- Interactive map of Eagle Lake
- Location: Wheatland County, near Strathmore, Alberta
- Coordinates: 50°59′48″N 113°19′27″W﻿ / ﻿50.99667°N 113.32417°W
- Basin countries: Canada
- Max. length: 4.4 km (2.7 mi)
- Max. width: 4 km (2.5 mi)
- Surface area: 11.8 km^{2} (4.6 sq mi)
- Average depth: 2.6 m (8.5 ft)
- Max. depth: 4.9 m (16 ft)
- Surface elevation: 923 m (3,028 ft)
- Settlements: Strathmore
- References: Eagle Lake

= Eagle Lake (Alberta) =

Lake in Wheatland County, Alberta, Canada

Eagle Lake is a lake in Wheatland County, Alberta, Canada, located southeast of Strathmore. It is part of the Eagle, Namaka and Stobart lakes area, which is recognized by Birds Canada as an Important Bird and Biodiversity Area.

== Birds ==
Eagle Lake is the largest of the four lakes in the Eagle, Namaka and Stobart Lakes Important Bird and Biodiversity Area, an 85.86 km2 site that Birds Canada rates as globally significant for congregatory species and waterfowl concentrations. The site is also used by Ducks Unlimited for wetland conservation projects.

The lakes are an important staging area for migrating waterbirds. Counts recorded across the site include 300,000 mallards in the winter of 1970, up to 15,061 greater white-fronted geese in the fall between 2012 and 2015, between 1,500 and 4,000 tundra swans in the fall between 1994 and 2010, 1,500 western grebes in the spring of 1985 and 2,000 Wilson's phalaropes in August 1996. Up to 40 bald eagles winter in the area, feeding on over-wintering waterfowl, and more than 50 non-breeding American white pelicans spend the summer there.

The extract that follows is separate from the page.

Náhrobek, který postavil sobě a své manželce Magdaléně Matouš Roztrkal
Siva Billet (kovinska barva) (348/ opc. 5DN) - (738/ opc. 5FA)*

Species nesting at the site include Franklin's gulls, common and black terns, eared and western grebes, and Canada geese. Sprague's pipit, a nationally threatened species, nests in remnant native grassland on Eagle Lake's backshore, and the piping plover has been recorded at the lake.

== Fishing ==
Northern pike and walleye are the lake's main sport fish. The Government of Alberta has included Eagle Lake in its fall index netting program, used primarily to monitor walleye and northern pike populations.